The CNVs are presented as tiles on the corresponding genomic positions. The colour of the tile indicates the CNV type: deletions are red, duplications are blue. The height of tile stack in each genomic region corresponds to the number of CNVs; if genomic region contains more than 25 CNVs, only 25 tiles are presented. The genes intersected by rare CNVs and significantly (Padj<0.01) associated with IBD are marked by red (for deleted genes) or blue (for duplicated genes) labels; the colocated genes overlapped by the same CNVs with no significant IBD association are not presented. The regions contained the genes intersected by rare CNVs significantly associated with IBD are zoomed in 1000 times and highlighted (red and blue highlights for the associated deletions and duplications, correspondingly). The figure was built using the Circos[35] tool.
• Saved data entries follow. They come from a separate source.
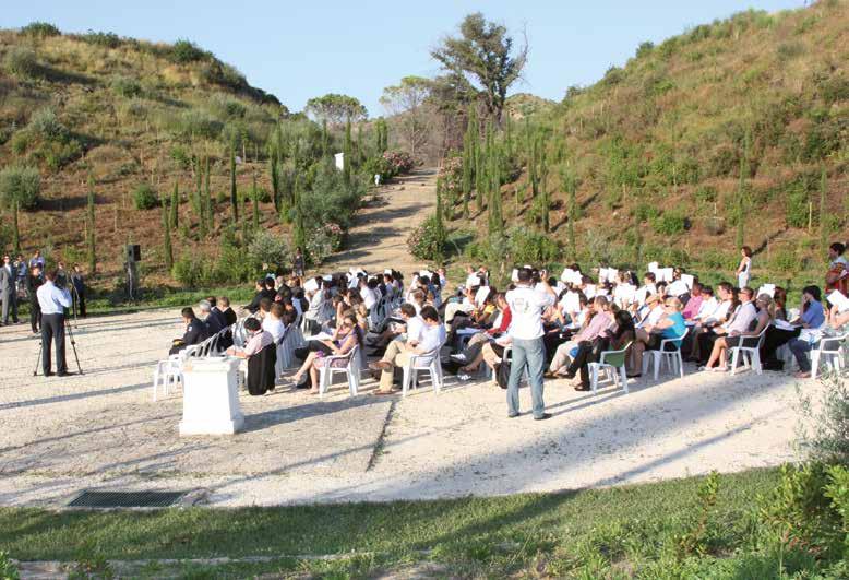 During the first years of operation of the IOA, participants lived in tents (1962) and lectures were held outdoors (1964) overlooking the archaeological site and the river Alpheios.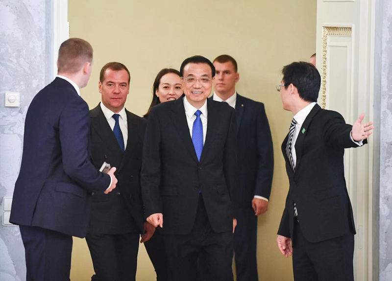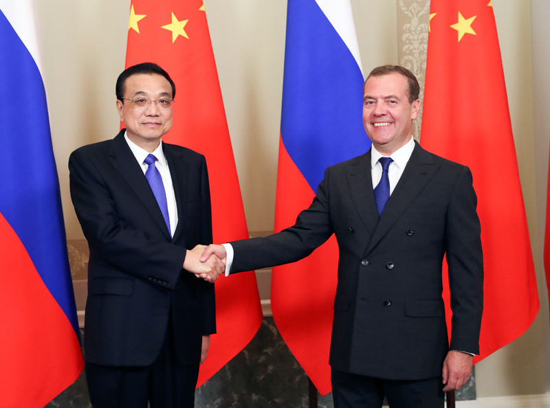 李克强表示,中俄互为最大邻邦,同为联合国安理会常任理事国。今年是中俄建交70周年。双方本着相互尊重、平等相待、互利共赢的原则,推动两国关系稳步前行,健康发展。前不久,习近平主席成功访俄,两国关系提升为新时代全面战略协作伙伴关系。在国际政治经济形势不确定不稳定因素增多的背景下,中俄加强战略协作,增进政治互信,拓展务实合作,密切人文交流,不仅有利于双方,也对维护地区乃至世界的繁荣稳定释放出积极信号。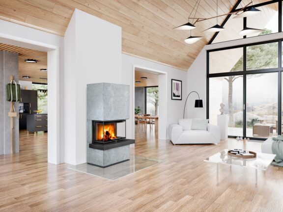 Design accumulation fireplaces Romotop CARA response to the trends and needs of modern interior architecture. Finely balanced proportions, clean lines and dominant three-side glazing creates an impressive complex satisfying even the most demanding customers.
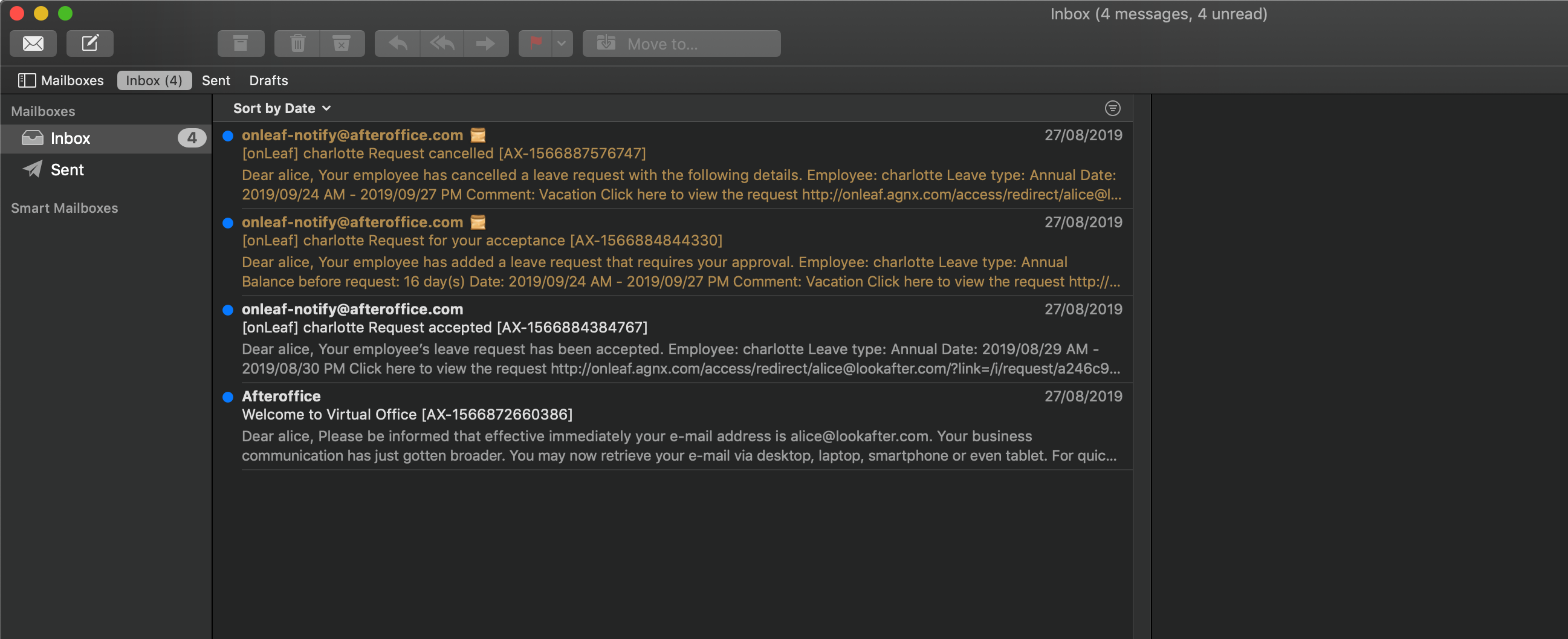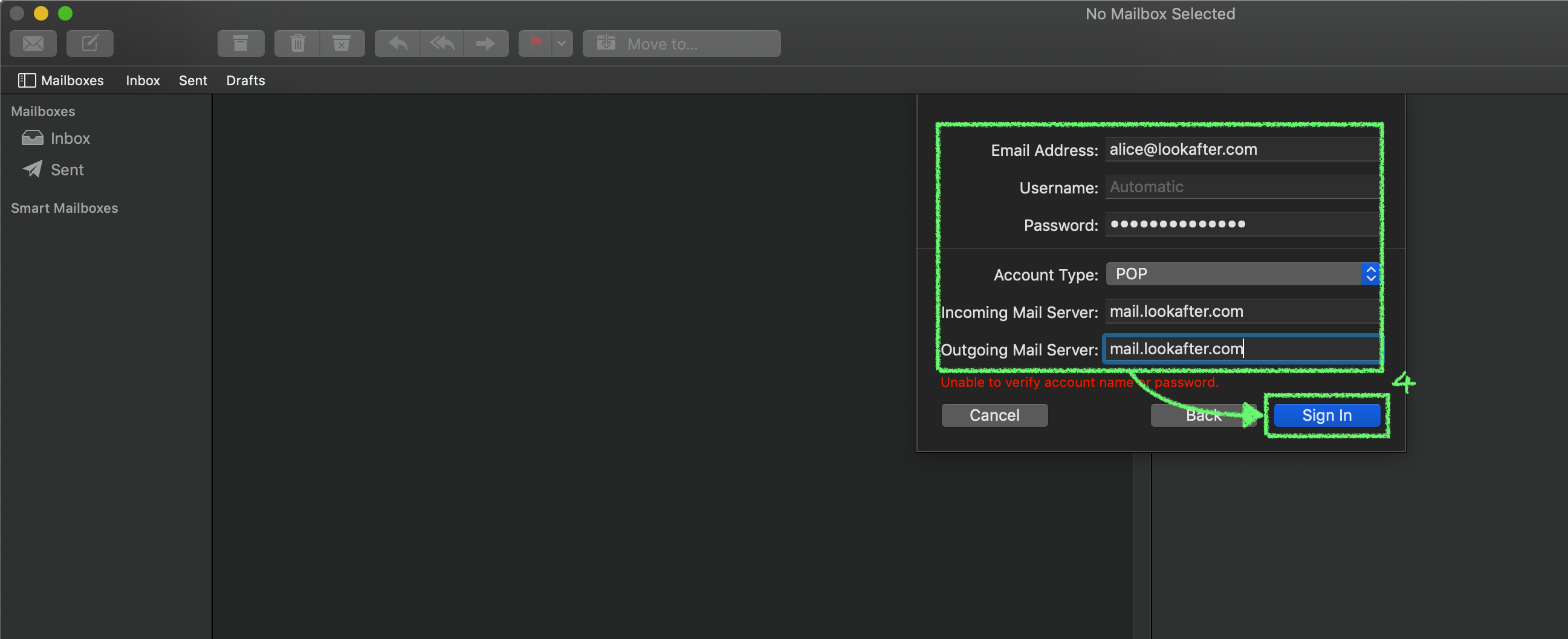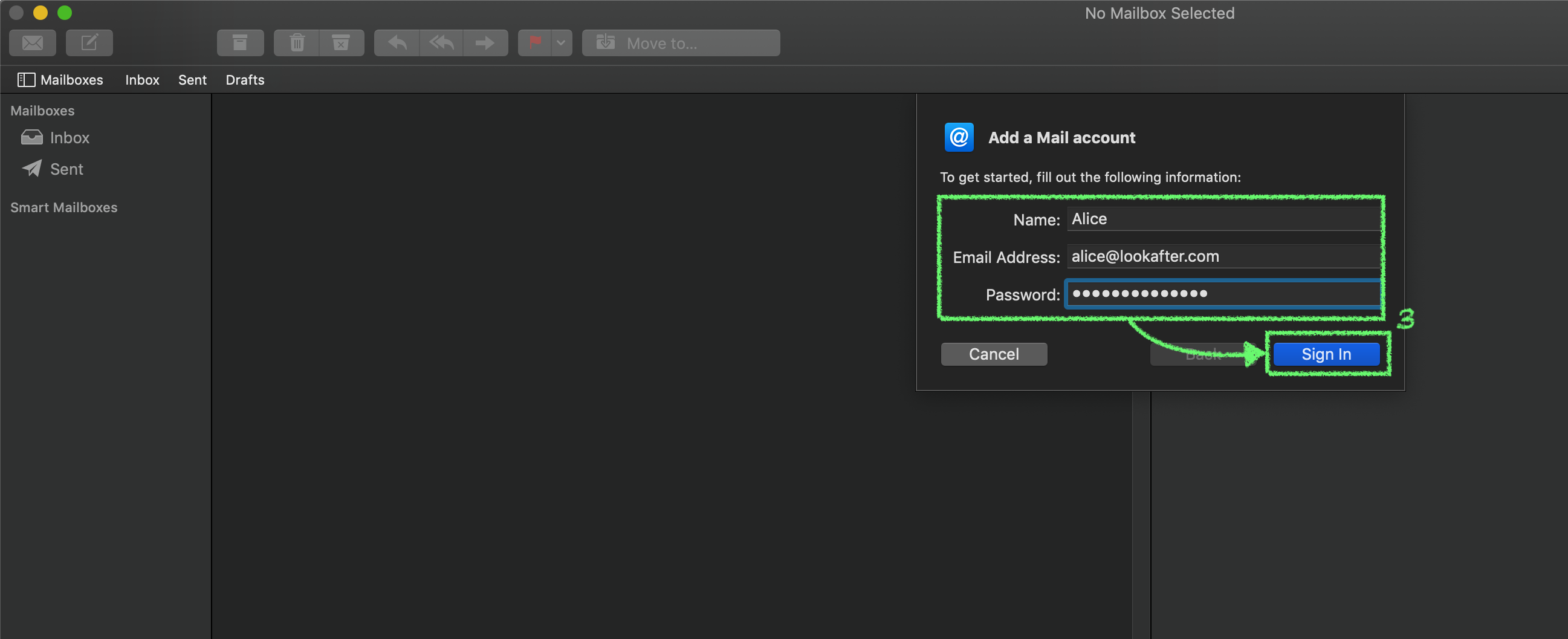 To setup an IMAP email account on your Mac Mail, please follow the steps below. We are using alice@lookafter.com as an example in this guide.
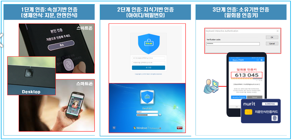 1단계 인증은 지문·안면인식 등 속성을 기반으로 한 생체인식, 2단계 인증으로 아이디(ID)와 패스워드(PW) 등을 이용한 지식기반 인증, 3단계로 일회용 인증키를 이용한 소유기반 3단계 인증방식이다.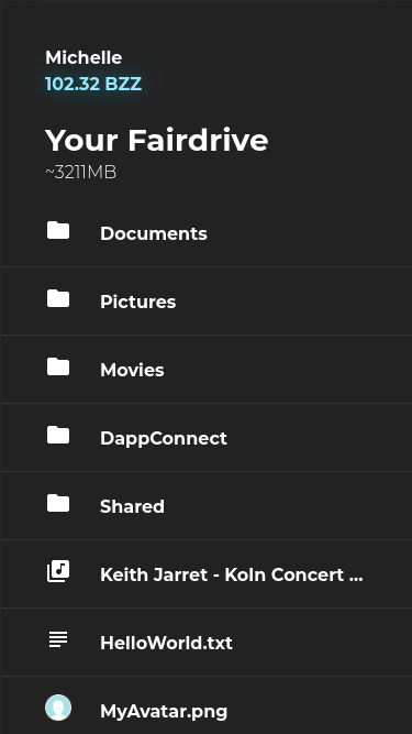 Fairdrive is a dApp that enables decentralized storage on Swarm. It consists of a typical "Drive" interface with files and folders, and a BZZ wallet to manage token balances and keypairs. Under the hood, FairOS is running a filesystem on top of Ethereum Swarm.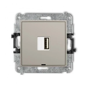 MINI Mechanizm ładowarki USB pojedynczej USB A, 5W max., 5V, 1A, bez pola opisowego taupe 60MCUSBBO‑1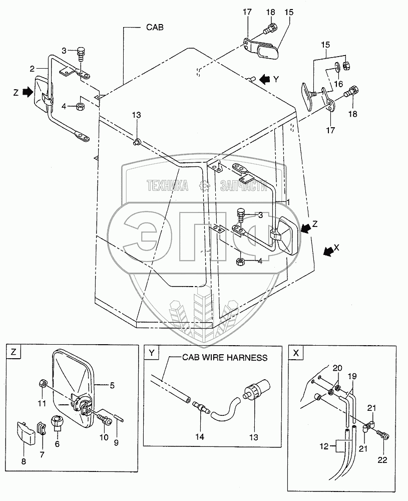 Каталог запасных частей к технике: Hitachi LX190-7/LX230-7. CAB (MIRROR)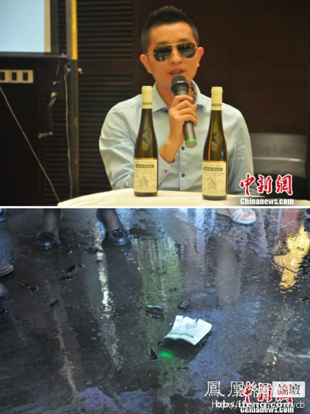 前两天,一名据说是高富帅的小伙,花了20万元拍得了两瓶白葡萄酒,但将其中一瓶当场砸碎,声称这么做是为了支持国货。
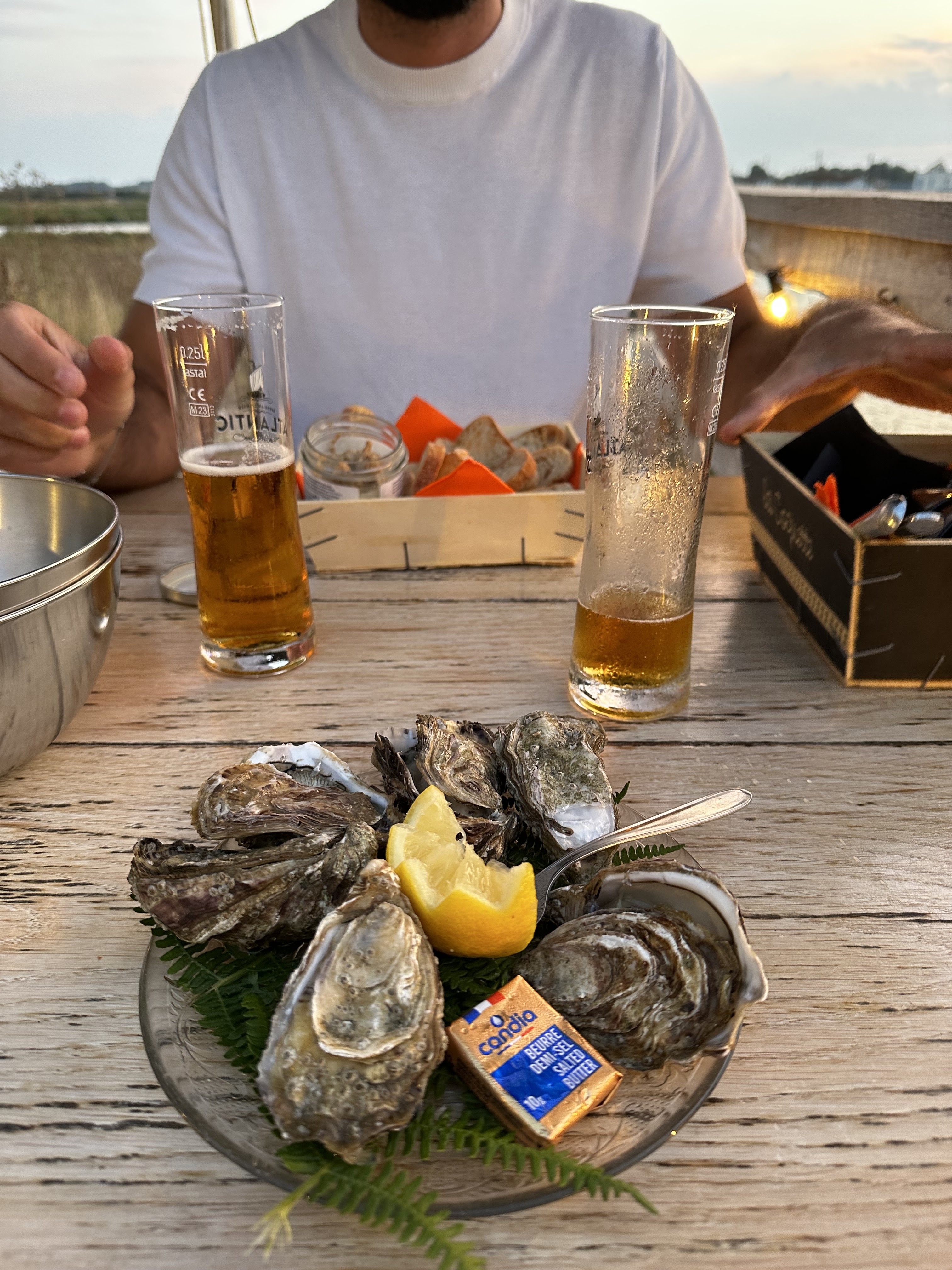 Super dégustation, on a partagé 12 huîtres avec du grillon et une platée de moules extra avec un chablis... Avec le soleil couchant et une petite bise..

Summary data for all CNV types and separated data for deletions and duplications are provided.
CNV affected genes
Overall, 7,061 genes were intersected by at least one CNV (deletion or duplication) in at least one analyzed sample; 4,347 and 4,416 genes were overlapped by deletions and duplications, correspondingly. For each gene, we compared the number of overlapping CNVs in IBD population with the number of overlapping CNVs in control population (see Fig 1). This comparison was conducted separately for deletions and duplications. After the correction of p-values for multiple testing over all 8,763 comparisons, 162 CNV-overlapped genes and pseudogenes passed the p-value significance threshold (Padj) of 0.01. Most of these genes were overlapped by CNVs in more than 0.1% of analyzed control samples (i.e. by common CNVs). Of 116 genes overlapped by deletions, four genes were covered by three CNVs observed in less than 0.1% of control samples, which could be considered as rare IBD-associated deletions. Of 56 genes overlapped by duplications, fourteen genes were overlapped by nine rare IBD-associated duplications (Table 2). The list of gene sets linked to genes, overlapped by rare IBD-associated CNVs is presented in the S1 Table.
Deletions.
Twelve IBD samples demonstrated relatively long (109–114 kbp) deletions located in the 6p25.3 cytoband and intersected the DUSP22 gene. This deletion was observed only in one control sample and was considered as rare deletion significantly associated with IBD (Odds ratio (OR) = 154.6, 95% Confidence Interval (CI) = 22.7–6349.5, Padj = 8.8×10−11). According to Gene Ontology (GO) database, the functions of the DUSP22 include the JNK signalling pathway activation, positive regulation of JUN kinase activity and MAPK inactivation.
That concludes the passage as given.